*PROBLEM TO WORK ON*: Word for word, copy the data that follows and skip its pictures.

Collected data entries
++++++

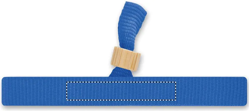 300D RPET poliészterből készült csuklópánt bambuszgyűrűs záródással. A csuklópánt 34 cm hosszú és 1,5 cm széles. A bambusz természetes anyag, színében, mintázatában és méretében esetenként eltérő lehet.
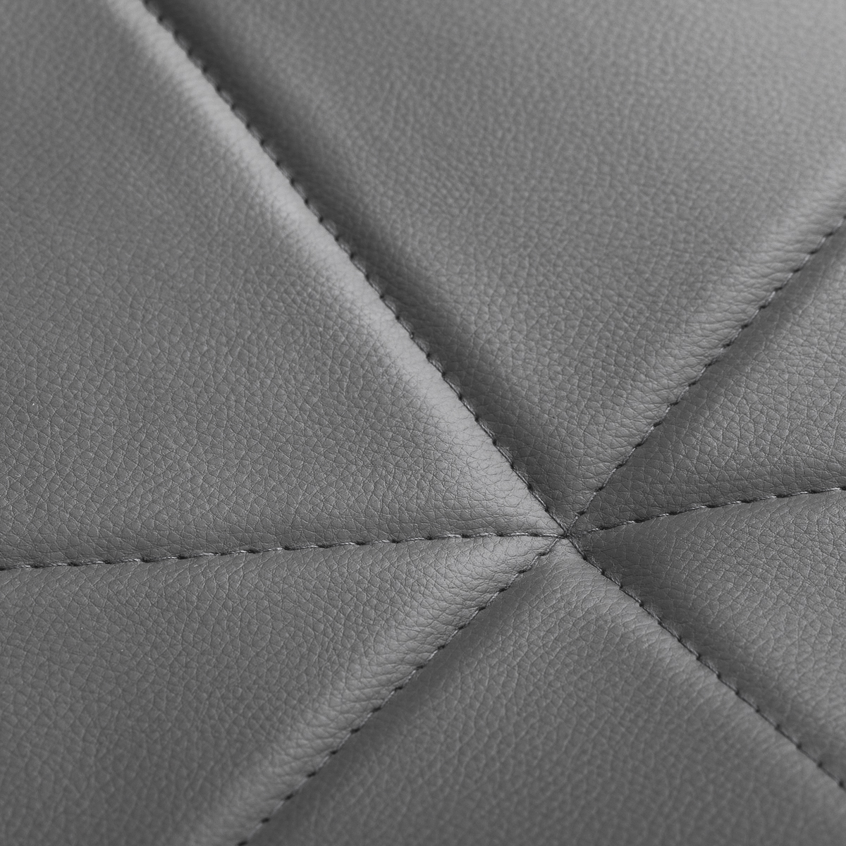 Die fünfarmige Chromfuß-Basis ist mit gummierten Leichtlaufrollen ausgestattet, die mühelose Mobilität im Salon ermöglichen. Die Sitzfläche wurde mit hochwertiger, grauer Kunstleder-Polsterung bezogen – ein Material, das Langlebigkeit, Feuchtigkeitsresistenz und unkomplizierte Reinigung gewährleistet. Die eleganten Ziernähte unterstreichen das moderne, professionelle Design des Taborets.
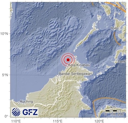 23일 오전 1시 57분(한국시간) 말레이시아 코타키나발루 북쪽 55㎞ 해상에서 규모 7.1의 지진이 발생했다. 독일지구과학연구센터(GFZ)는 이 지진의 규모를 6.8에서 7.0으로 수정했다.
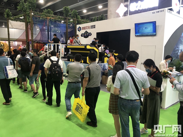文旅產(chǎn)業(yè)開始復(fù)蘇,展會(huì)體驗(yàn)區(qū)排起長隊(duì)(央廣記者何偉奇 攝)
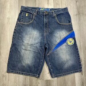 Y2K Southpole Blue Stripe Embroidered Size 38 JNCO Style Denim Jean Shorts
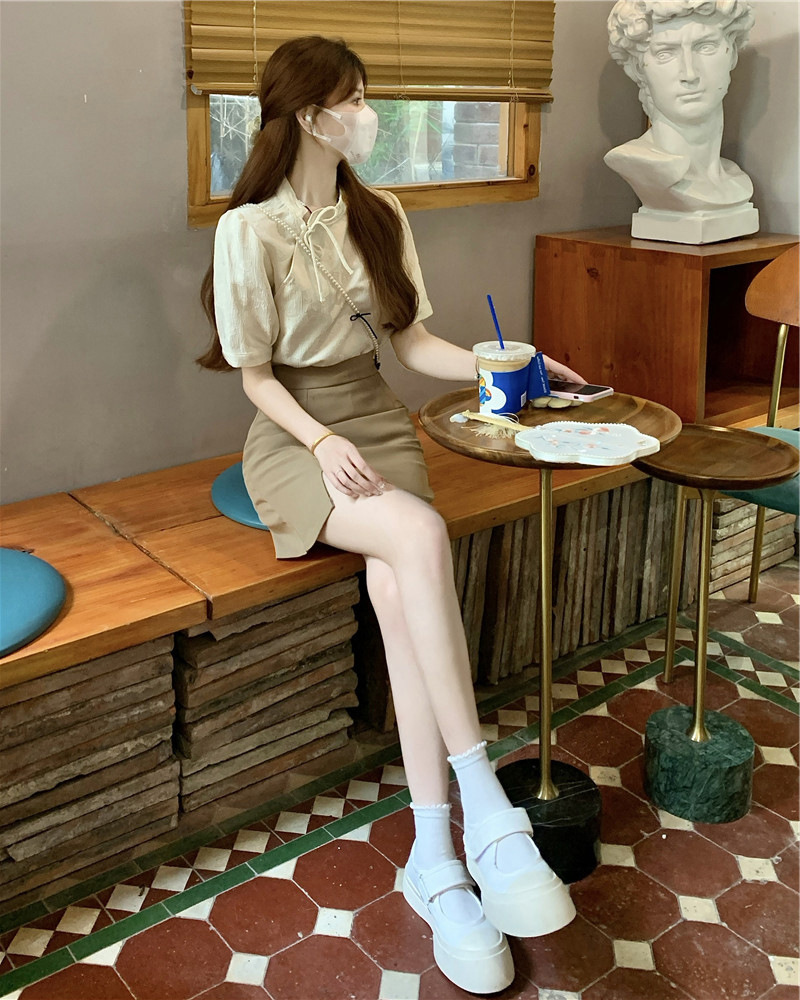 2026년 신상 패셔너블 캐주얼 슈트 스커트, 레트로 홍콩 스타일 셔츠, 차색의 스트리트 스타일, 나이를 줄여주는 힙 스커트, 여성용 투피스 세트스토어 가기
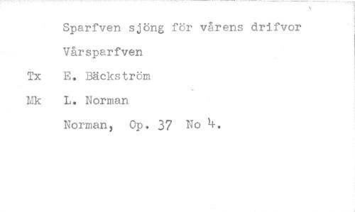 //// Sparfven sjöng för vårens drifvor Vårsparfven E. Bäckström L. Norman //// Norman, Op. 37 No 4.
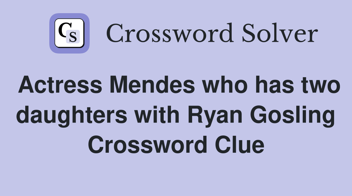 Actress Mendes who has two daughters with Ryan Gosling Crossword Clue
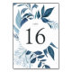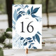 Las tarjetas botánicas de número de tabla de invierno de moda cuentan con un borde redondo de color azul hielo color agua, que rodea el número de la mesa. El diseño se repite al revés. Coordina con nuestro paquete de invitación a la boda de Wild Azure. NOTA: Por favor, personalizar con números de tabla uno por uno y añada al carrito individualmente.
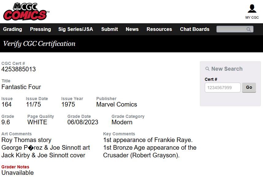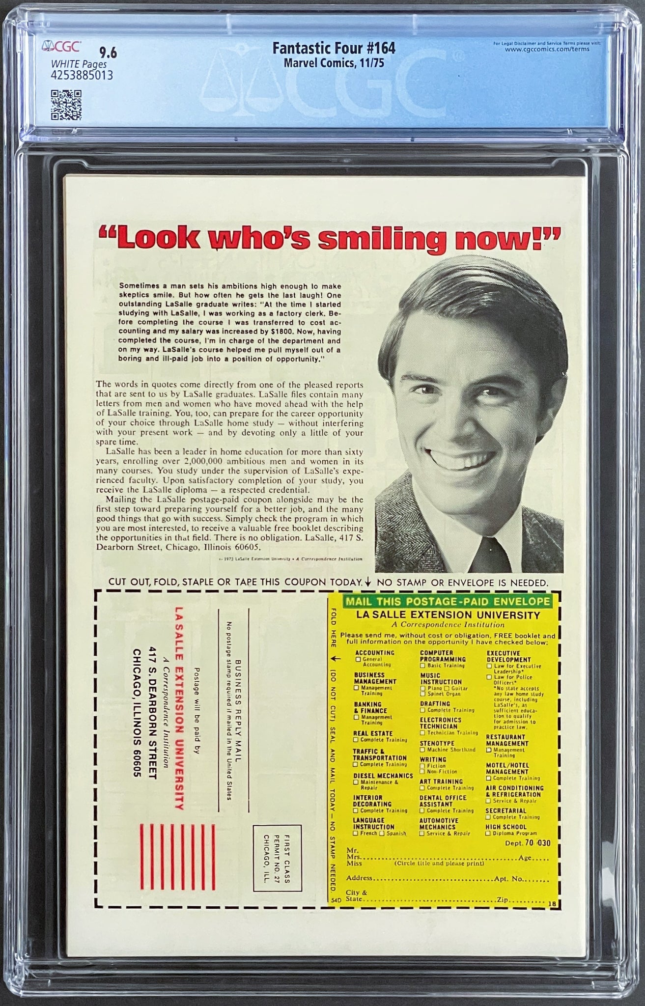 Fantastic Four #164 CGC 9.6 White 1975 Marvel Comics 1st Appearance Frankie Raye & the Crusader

++++++

*EXERCISE RESULT*:
 300D RPET poliészterből készült csuklópánt bambuszgyűrűs záródással. A csuklópánt 34 cm hosszú és 1,5 cm széles. A bambusz természetes anyag, színében, mintázatában és méretében esetenként eltérő lehet.
 Die fünfarmige Chromfuß-Basis ist mit gummierten Leichtlaufrollen ausgestattet, die mühelose Mobilität im Salon ermöglichen. Die Sitzfläche wurde mit hochwertiger, grauer Kunstleder-Polsterung bezogen – ein Material, das Langlebigkeit, Feuchtigkeitsresistenz und unkomplizierte Reinigung gewährleistet. Die eleganten Ziernähte unterstreichen das moderne, professionelle Design des Taborets.
 23일 오전 1시 57분(한국시간) 말레이시아 코타키나발루 북쪽 55㎞ 해상에서 규모 7.1의 지진이 발생했다. 독일지구과학연구센터(GFZ)는 이 지진의 규모를 6.8에서 7.0으로 수정했다.
文旅產(chǎn)業(yè)開始復(fù)蘇,展會(huì)體驗(yàn)區(qū)排起長隊(duì)(央廣記者何偉奇 攝)
 Y2K Southpole Blue Stripe Embroidered Size 38 JNCO Style Denim Jean Shorts
 2026년 신상 패셔너블 캐주얼 슈트 스커트, 레트로 홍콩 스타일 셔츠, 차색의 스트리트 스타일, 나이를 줄여주는 힙 스커트, 여성용 투피스 세트스토어 가기
 //// Sparfven sjöng för vårens drifvor Vårsparfven E. Bäckström L. Norman //// Norman, Op. 37 No 4.
 Actress Mendes who has two daughters with Ryan Gosling Crossword Clue
 Las tarjetas botánicas de número de tabla de invierno de moda cuentan con un borde redondo de color azul hielo color agua, que rodea el número de la mesa. El diseño se repite al revés. Coordina con nuestro paquete de invitación a la boda de Wild Azure. NOTA: Por favor, personalizar con números de tabla uno por uno y añada al carrito individualmente.
 Fantastic Four #164 CGC 9.6 White 1975 Marvel Comics 1st Appearance Frankie Raye & the Crusader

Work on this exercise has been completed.